* [Exercise brief] No pictures belong in the copy. Retype exactly, and only, the stretch of lines below from the one with "Inaugurazione targa dedicata" through the one with "Гарнитура с плетением".

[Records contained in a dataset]
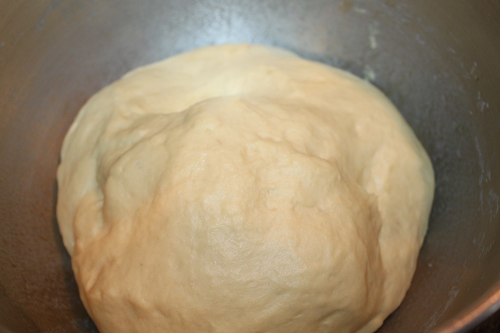 While you are waiting for the dough to rise, grease a 9 x 13 baking pan and set it aside. Then when the dough has doubled in size, remove the dough to a clean surface.
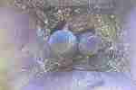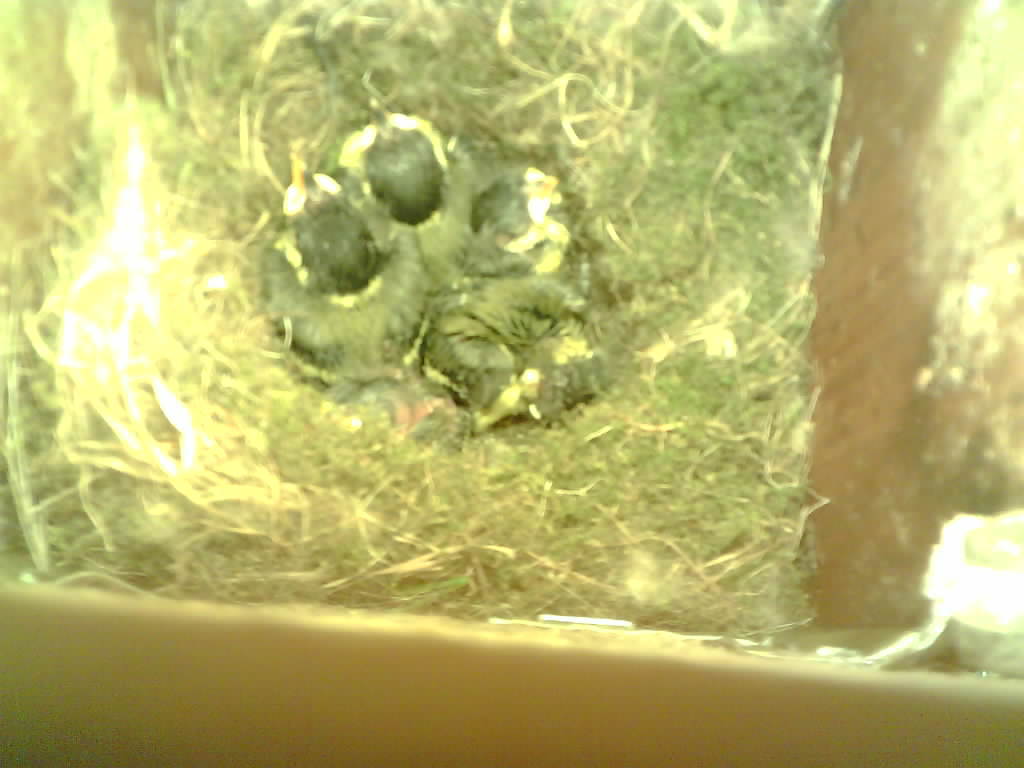 Das dritte Blaumeisen-Junge ist geschlüpft. Die Eierschalen werden vom Weibchen verspeist. Das Männchen füttert die jungen Blaumeisen.
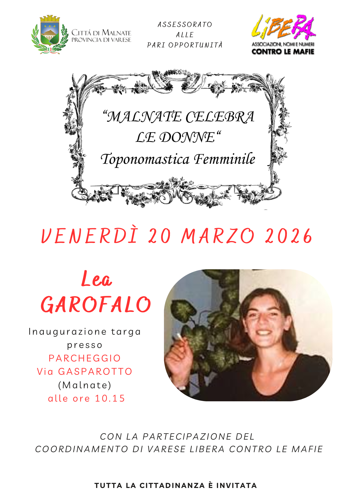 Inaugurazione targa dedicata a Lea GAROFALO presso PARCHEGGIO Via GASPAROTTO (Malnate) alle ore 10.15 |
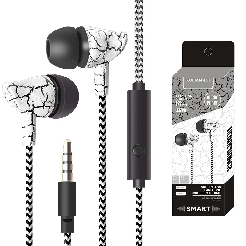 Гарнитура с плетением трещин, проводные цветные наушники с микрофоном, супер бас, 3,5 мм, проводное управление, супер бас
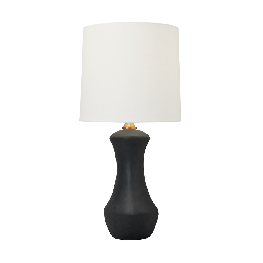 Hand crafted in ceramic the Bone one light table lamp by Hable has a unique shaped base and a black or white finish, making the Bone table lamp an iconic design. Its crisp white shade and brass hardware perfectly accent the delicately detailed art work. Bone offers an enduring presentation of the contemporary form that will competently revitalize your decor space. A white linen shade caps this piece off with an understated style perfect for ensembles from traditional to contemporary.

* [Problem solution]
 Inaugurazione targa dedicata a Lea GAROFALO presso PARCHEGGIO Via GASPAROTTO (Malnate) alle ore 10.15 |
 Гарнитура с плетением трещин, проводные цветные наушники с микрофоном, супер бас, 3,5 мм, проводное управление, супер бас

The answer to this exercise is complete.